Once the line containing "Een vest van" is found in the data below, repeat it and every later line exactly, leaving the pictures out.

▶ Data items
------------------------------------------------------------------------
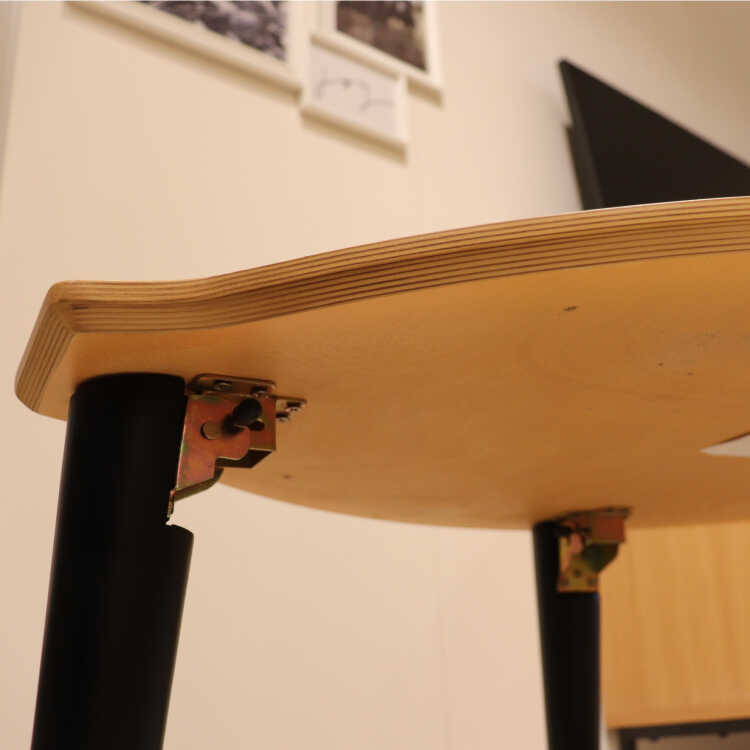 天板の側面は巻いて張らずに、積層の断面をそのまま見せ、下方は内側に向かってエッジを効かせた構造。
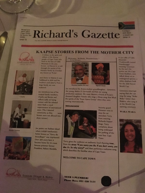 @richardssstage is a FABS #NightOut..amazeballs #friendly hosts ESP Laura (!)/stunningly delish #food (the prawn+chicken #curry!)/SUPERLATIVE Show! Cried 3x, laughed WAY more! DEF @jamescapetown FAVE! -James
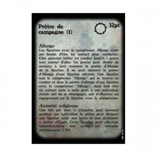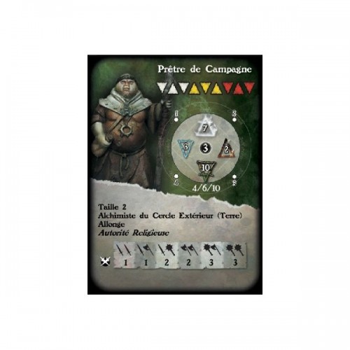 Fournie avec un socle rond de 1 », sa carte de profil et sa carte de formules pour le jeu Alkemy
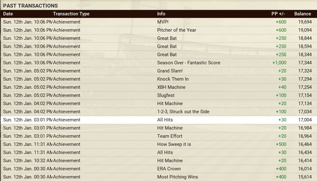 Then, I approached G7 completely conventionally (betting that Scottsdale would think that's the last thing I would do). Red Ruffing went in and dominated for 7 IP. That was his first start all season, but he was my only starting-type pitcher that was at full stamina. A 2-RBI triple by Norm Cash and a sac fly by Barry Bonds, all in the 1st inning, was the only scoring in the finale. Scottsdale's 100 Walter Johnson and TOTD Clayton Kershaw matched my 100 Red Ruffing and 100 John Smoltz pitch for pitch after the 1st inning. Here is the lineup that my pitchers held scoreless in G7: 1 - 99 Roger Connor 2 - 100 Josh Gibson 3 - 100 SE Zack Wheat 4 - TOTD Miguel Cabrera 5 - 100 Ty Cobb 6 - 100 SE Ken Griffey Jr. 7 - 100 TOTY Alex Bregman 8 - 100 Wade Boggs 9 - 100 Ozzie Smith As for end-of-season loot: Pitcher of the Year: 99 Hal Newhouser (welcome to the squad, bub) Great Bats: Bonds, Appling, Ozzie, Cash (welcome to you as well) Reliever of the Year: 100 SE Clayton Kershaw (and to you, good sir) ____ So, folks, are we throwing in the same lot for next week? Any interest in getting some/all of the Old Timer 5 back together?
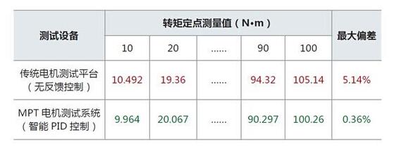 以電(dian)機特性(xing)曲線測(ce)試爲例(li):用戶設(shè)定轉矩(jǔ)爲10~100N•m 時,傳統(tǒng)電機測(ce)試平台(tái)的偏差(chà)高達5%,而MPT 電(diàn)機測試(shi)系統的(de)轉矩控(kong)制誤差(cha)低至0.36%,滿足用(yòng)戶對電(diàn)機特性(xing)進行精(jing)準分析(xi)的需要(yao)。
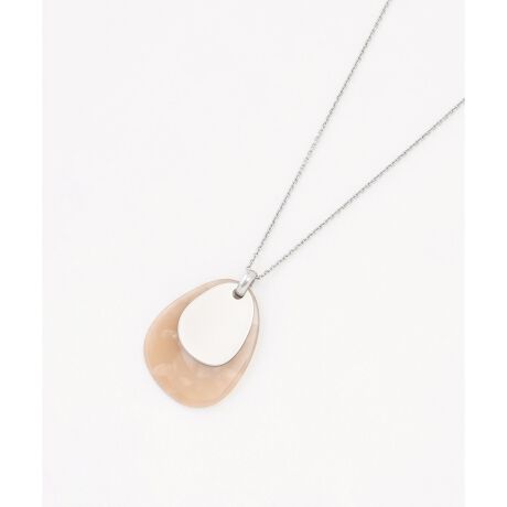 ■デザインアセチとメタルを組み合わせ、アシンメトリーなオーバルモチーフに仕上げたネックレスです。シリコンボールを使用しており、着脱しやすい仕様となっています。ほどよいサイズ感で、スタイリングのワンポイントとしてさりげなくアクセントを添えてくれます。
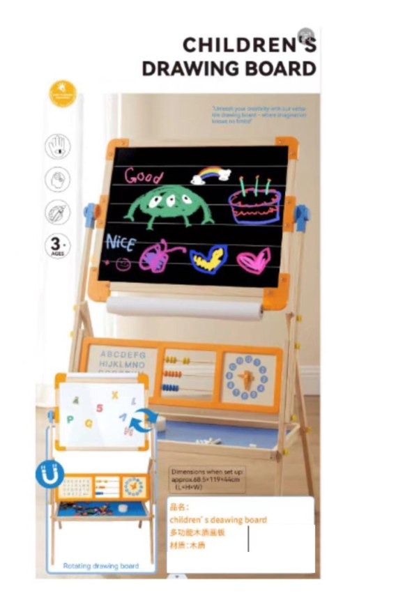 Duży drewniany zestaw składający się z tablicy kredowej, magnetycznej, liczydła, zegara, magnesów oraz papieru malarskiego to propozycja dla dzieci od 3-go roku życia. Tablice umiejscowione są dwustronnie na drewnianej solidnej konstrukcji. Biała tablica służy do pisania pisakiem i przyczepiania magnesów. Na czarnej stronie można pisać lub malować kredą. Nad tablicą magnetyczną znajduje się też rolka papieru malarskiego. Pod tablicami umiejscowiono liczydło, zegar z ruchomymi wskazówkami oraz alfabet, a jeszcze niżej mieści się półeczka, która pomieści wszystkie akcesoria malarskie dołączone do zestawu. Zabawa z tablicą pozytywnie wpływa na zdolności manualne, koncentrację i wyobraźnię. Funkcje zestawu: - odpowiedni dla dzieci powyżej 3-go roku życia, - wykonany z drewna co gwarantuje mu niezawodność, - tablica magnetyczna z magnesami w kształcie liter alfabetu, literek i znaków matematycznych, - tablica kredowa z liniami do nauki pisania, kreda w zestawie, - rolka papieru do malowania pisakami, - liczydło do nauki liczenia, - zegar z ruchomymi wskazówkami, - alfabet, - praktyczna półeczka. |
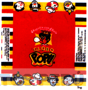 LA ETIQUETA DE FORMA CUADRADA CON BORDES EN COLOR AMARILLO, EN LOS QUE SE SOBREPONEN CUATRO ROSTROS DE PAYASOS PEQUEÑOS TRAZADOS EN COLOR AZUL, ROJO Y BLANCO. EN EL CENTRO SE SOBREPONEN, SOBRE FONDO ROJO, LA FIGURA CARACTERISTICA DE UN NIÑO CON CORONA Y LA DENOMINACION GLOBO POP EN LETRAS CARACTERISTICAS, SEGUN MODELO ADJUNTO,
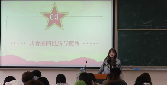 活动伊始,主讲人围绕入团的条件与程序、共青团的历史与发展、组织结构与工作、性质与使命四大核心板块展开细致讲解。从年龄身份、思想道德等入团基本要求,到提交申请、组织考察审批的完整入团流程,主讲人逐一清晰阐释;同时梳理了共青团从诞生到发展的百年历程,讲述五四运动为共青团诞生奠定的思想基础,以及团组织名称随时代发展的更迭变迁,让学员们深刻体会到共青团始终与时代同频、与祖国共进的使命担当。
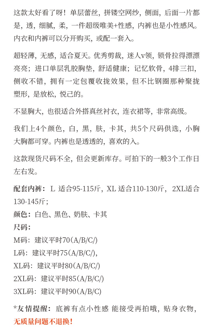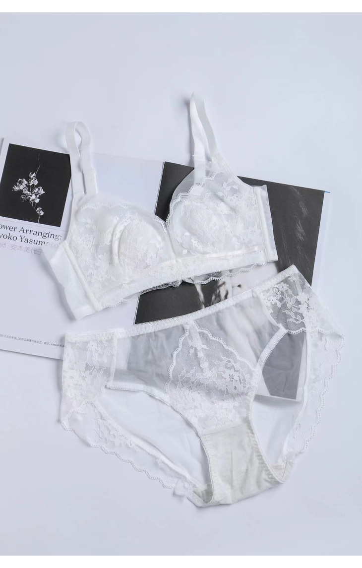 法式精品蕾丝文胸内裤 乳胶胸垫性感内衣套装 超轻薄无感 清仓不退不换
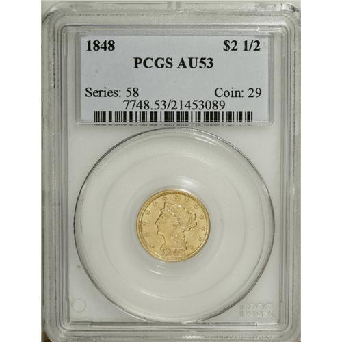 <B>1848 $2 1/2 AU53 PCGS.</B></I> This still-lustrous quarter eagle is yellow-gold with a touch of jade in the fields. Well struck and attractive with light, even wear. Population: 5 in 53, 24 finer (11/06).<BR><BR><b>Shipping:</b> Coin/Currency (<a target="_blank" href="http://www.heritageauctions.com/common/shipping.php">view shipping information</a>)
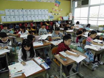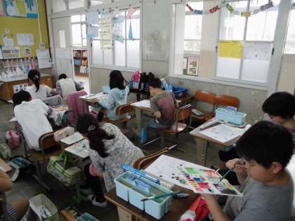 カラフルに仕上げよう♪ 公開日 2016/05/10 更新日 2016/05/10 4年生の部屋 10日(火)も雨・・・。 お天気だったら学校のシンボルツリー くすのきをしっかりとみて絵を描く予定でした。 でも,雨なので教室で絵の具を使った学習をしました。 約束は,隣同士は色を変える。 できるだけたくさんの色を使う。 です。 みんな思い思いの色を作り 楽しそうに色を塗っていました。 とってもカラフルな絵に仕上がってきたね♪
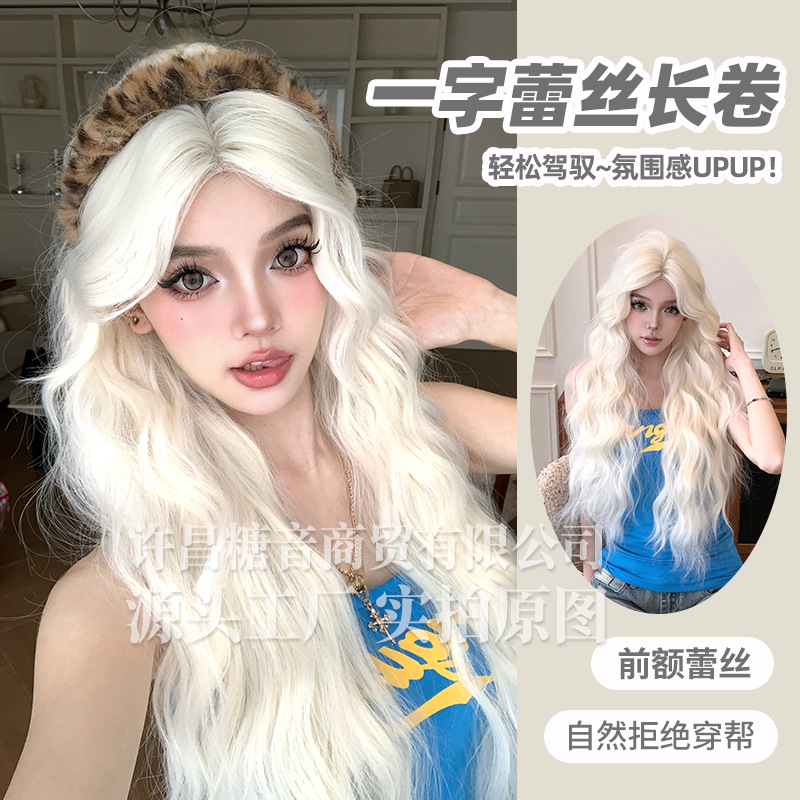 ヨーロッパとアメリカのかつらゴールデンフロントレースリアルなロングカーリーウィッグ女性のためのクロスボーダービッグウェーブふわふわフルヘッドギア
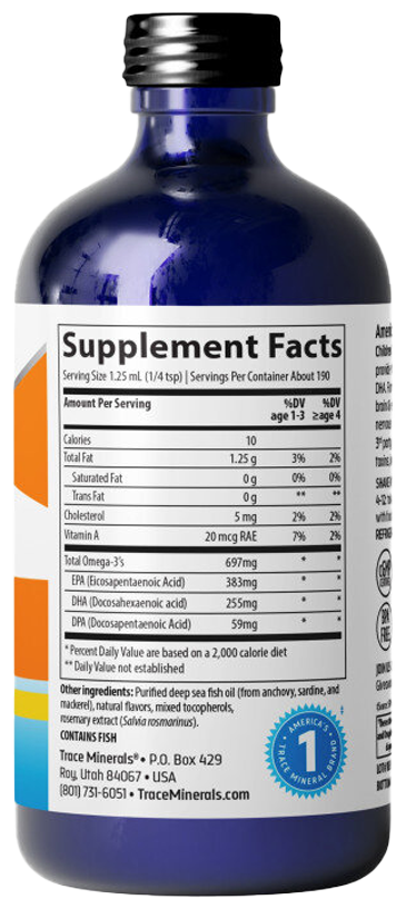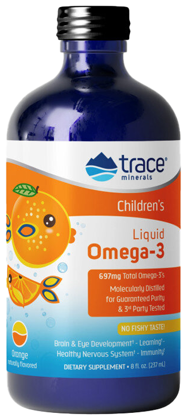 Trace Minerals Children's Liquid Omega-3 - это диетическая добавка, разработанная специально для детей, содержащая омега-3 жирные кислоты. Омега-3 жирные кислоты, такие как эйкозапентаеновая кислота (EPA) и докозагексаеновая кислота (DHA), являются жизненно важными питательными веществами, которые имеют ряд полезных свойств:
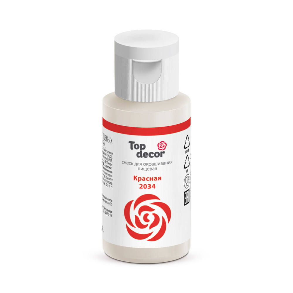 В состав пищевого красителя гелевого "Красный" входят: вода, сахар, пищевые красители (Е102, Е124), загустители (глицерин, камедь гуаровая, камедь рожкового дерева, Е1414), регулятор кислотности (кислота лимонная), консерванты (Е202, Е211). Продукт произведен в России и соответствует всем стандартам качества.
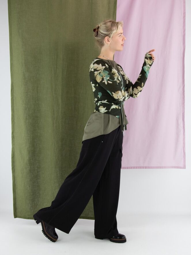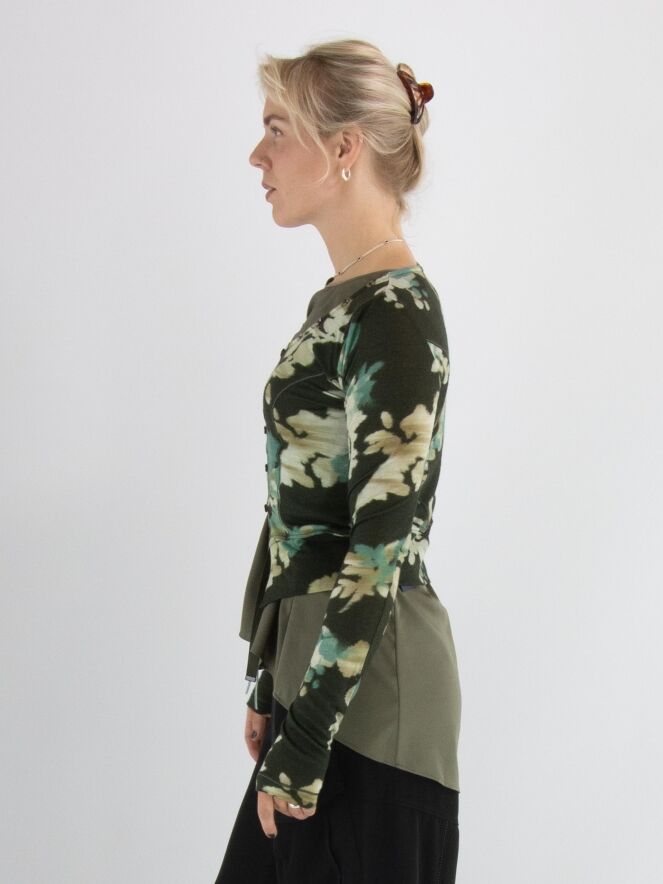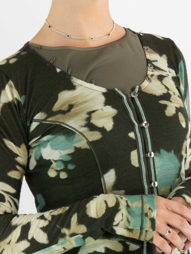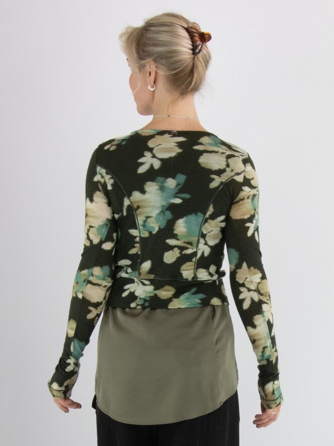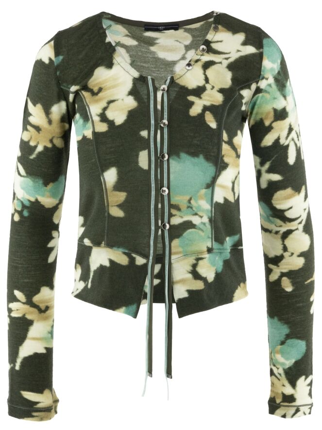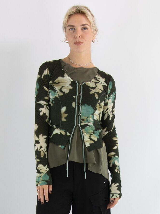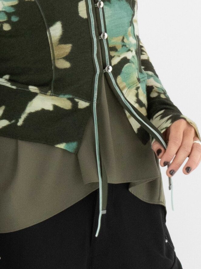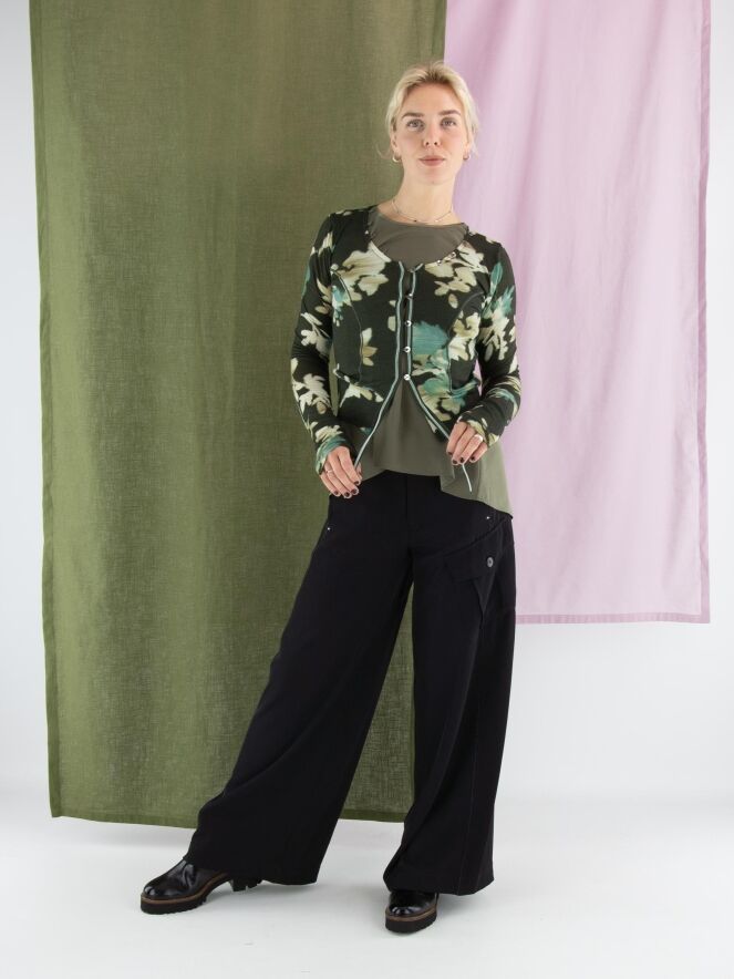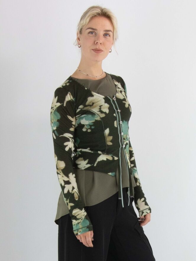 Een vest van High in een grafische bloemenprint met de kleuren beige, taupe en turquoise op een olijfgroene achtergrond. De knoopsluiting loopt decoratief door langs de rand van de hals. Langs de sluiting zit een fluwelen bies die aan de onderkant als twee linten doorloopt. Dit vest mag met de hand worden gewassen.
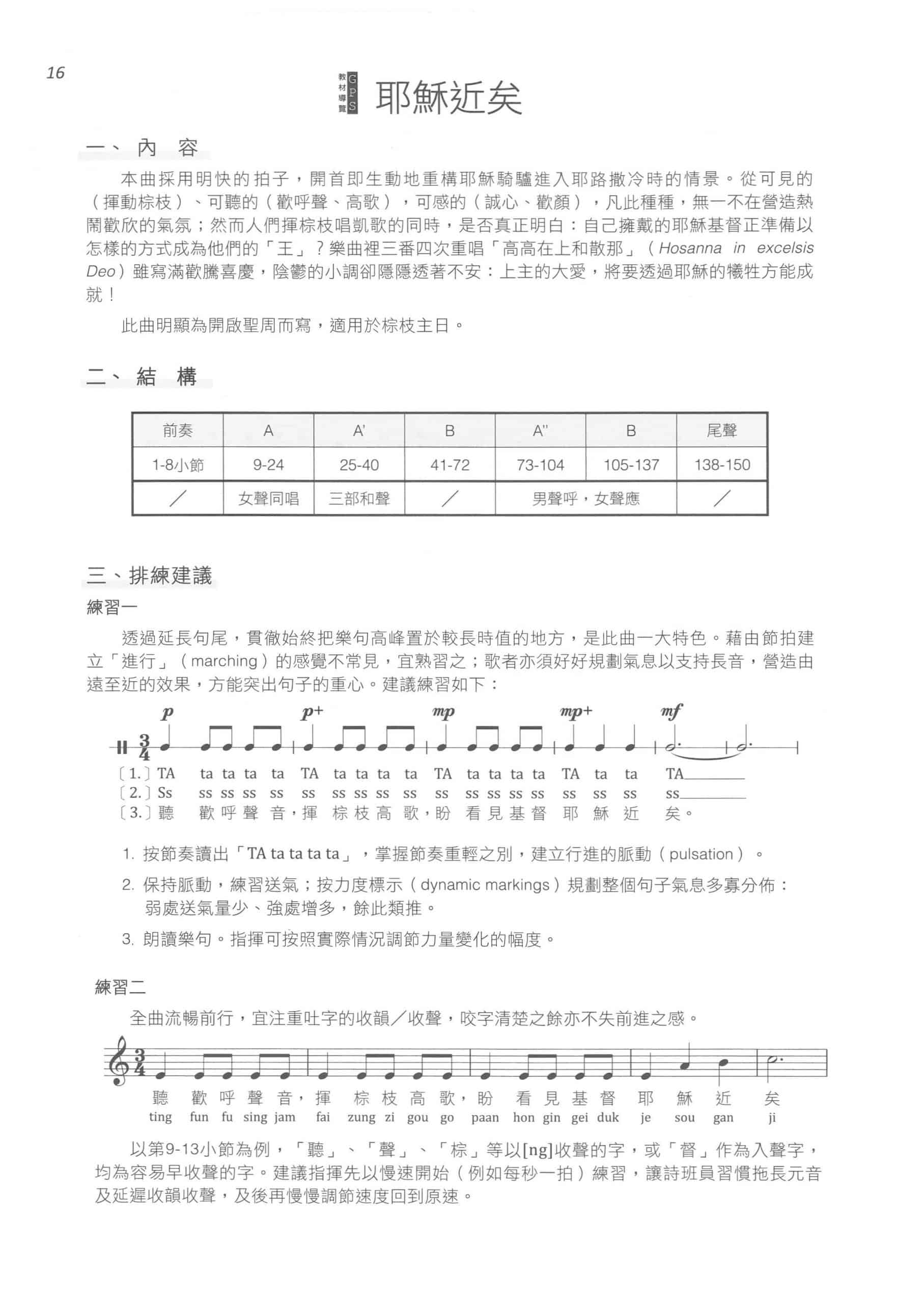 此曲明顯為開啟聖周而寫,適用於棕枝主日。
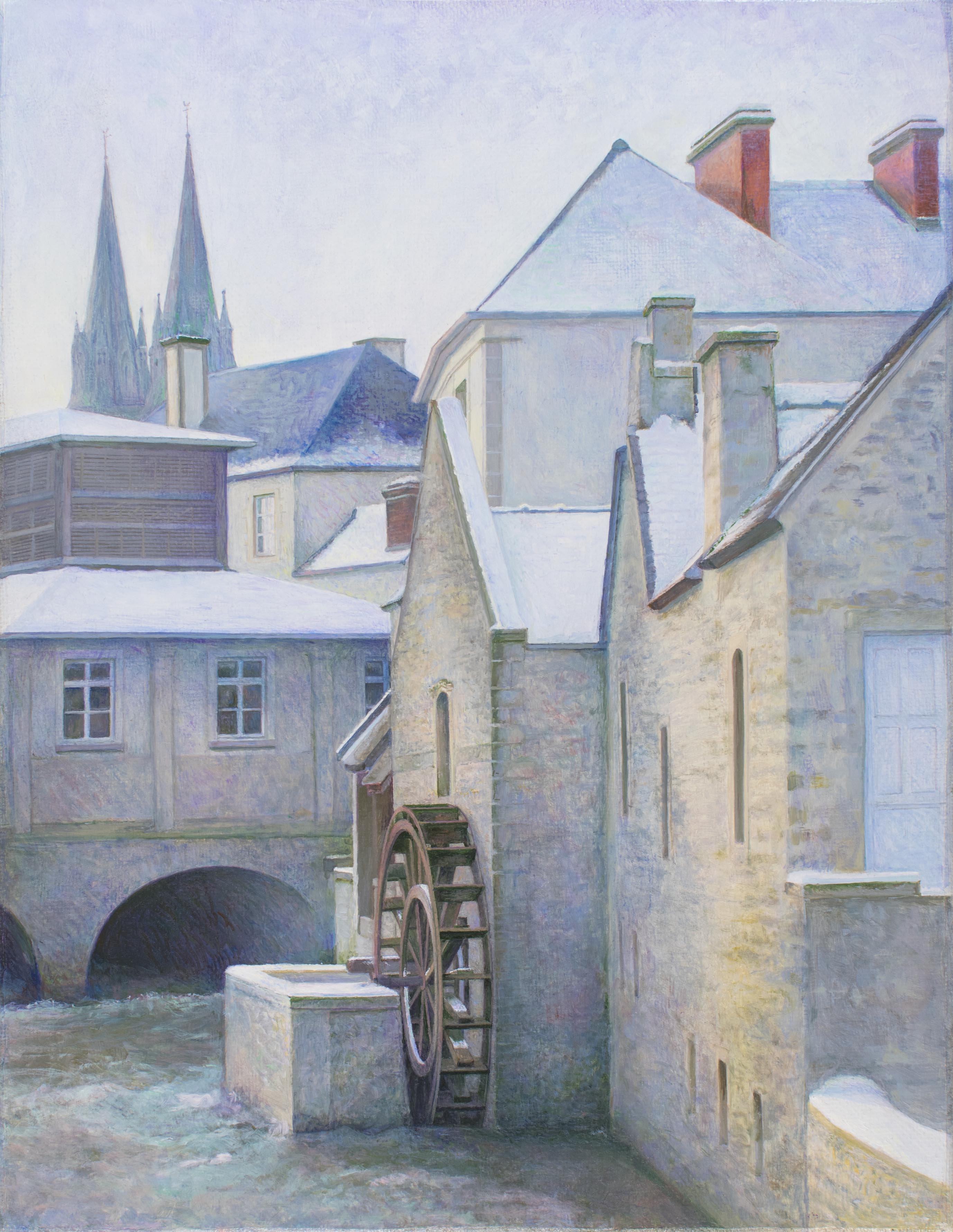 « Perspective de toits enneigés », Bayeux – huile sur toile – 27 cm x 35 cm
------------------------------------------------------------------------
▶ Reply to the task
 Een vest van High in een grafische bloemenprint met de kleuren beige, taupe en turquoise op een olijfgroene achtergrond. De knoopsluiting loopt decoratief door langs de rand van de hals. Langs de sluiting zit een fluwelen bies die aan de onderkant als twee linten doorloopt. Dit vest mag met de hand worden gewassen.
 此曲明顯為開啟聖周而寫,適用於棕枝主日。
 « Perspective de toits enneigés », Bayeux – huile sur toile – 27 cm x 35 cm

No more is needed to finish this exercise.